Most HRO providers are fairly evenly spread out across Mexico and Central and South America. Kenexa, which was acquired a year ago by IBM, has centers in Buenos Aires and Costa Rica, while SafeGuard World International and ManpowerGroup Solutions both have centers in Mexico, and KellyOCG has centers in Mexico and Colombia.

MSH has set up a RPO model in 27 markets across the entire Latin America region, but it does not have offices in all of these countries; instead it operates from the key locations of Medellin, Sao Paulo and Mexico City (with other offices in Asia and North America), while working with recruiters on the ground or sending consultants to the direct locations. “Virtual deployment” is a key means of lowering costs as it only incurs placement fees instead of the fixed costs of having an office in every site, Gaitan says. This model has enabled MSH to form a network across the region and establish a presence in almost every country in Latin America.

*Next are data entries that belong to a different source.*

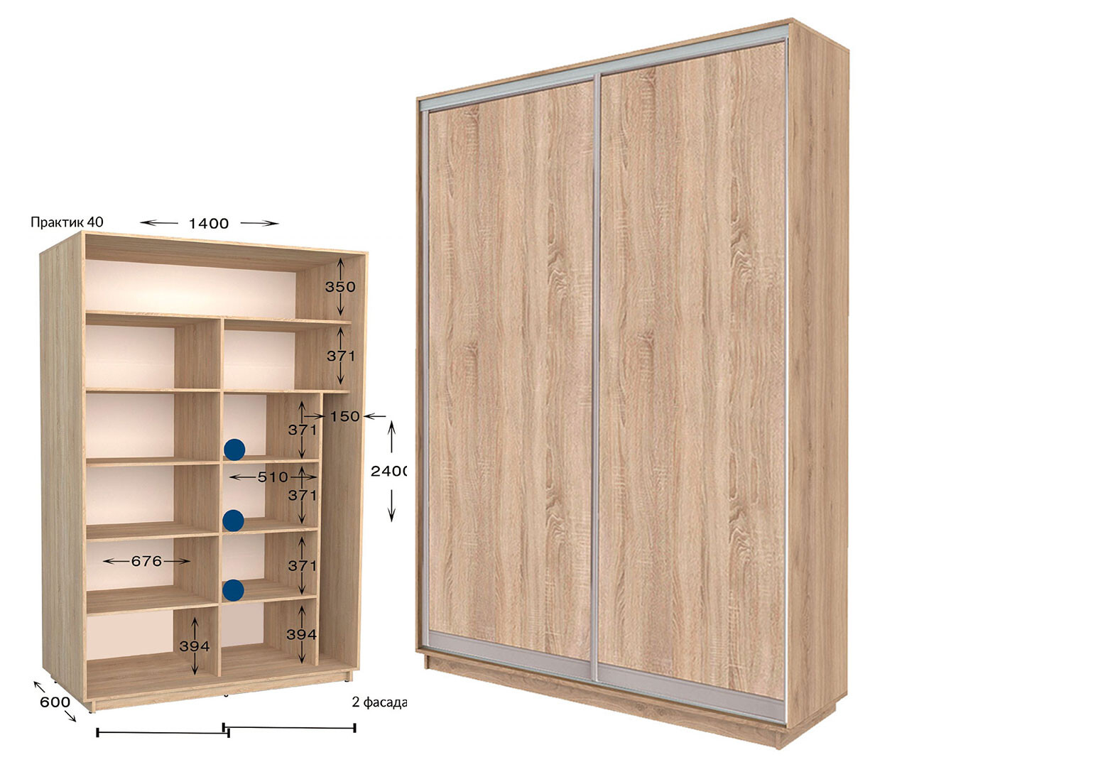 - Шафа-купе Garant Практик №40 2-дверна 140 см
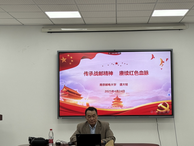 2025年4月24日下午,校关工委盛大铨老师为蓝鲸体育第559期暨蓝鲸体育第18期入党积极分子带来题为《传承战邮精神 赓续红色血脉》的专题党课。
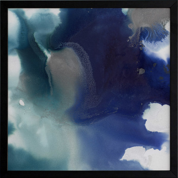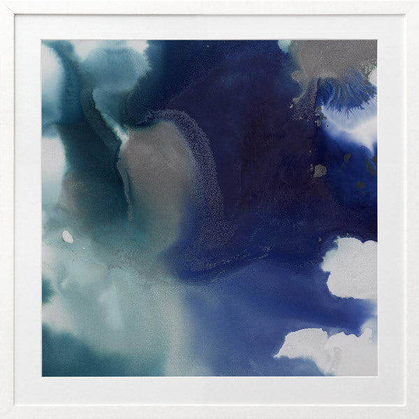 Aquatica III Framed Print: An abstract artwork featuring an ocean-like marbling of vibrant indigo, with deep teal, grey and white. Pairs with Aquatica I & II. 2019 AUTUMN/WINTER COLLECTION: ODYSSEY
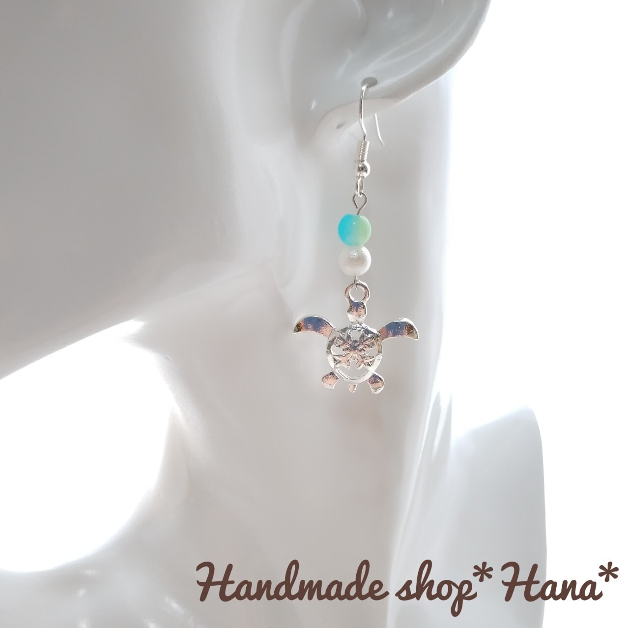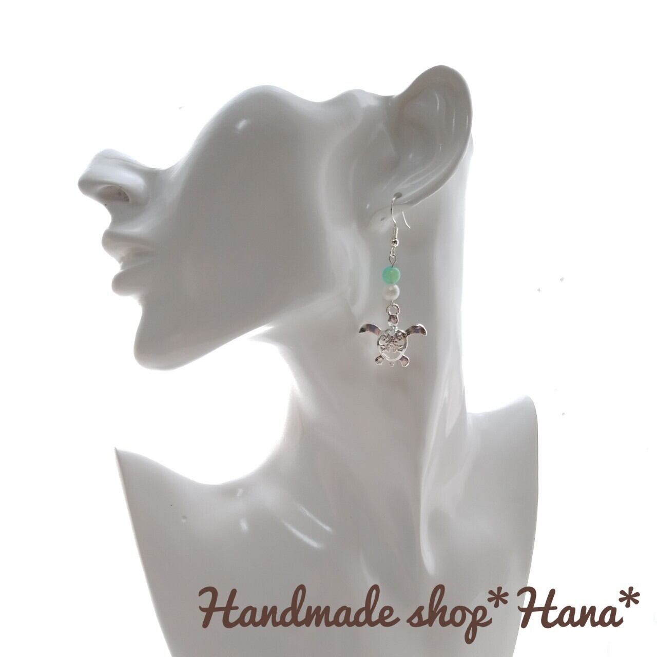ハワイの海をイメージして制作しました。涼しげでかわいいウミガメのチャームが夏を感じさせてくれます♪ハワイがお好きな方にぴったりです!

Sign up for our Nearshore Americas newsletter:

MSH’s clients in Latin America include the likes of Stanley Black & Decker, Burger King and Open English. “Now that we have these clients, they are asking that we offer them other services like distribution centers, administrative staffing and temporary labor,” Gaitan says “We are there to play the plug-and-play outsourcing model.  They have economies of scale and you can only get that in the RPO model.”

Andean Demand

Latin America is no longer just a provider of HRO services; it is also increasingly demanding such services. Colombia and Peru are the most aggressive markets in terms of demand for top talent, Gaitan says, while Brazil and Mexico already have incredible talent in their businesses, with in-house teams and processes established long ago. However, a number of up-and-coming countries, particularly those in Central America and the Andean region, are beginning to demand these services, Gaitan adds. He also notes that the use of modern job boards, such as LinkedIn, in RPO is currently most prevalent in larger markets, such as Mexico and, to a lesser extent, Colombia.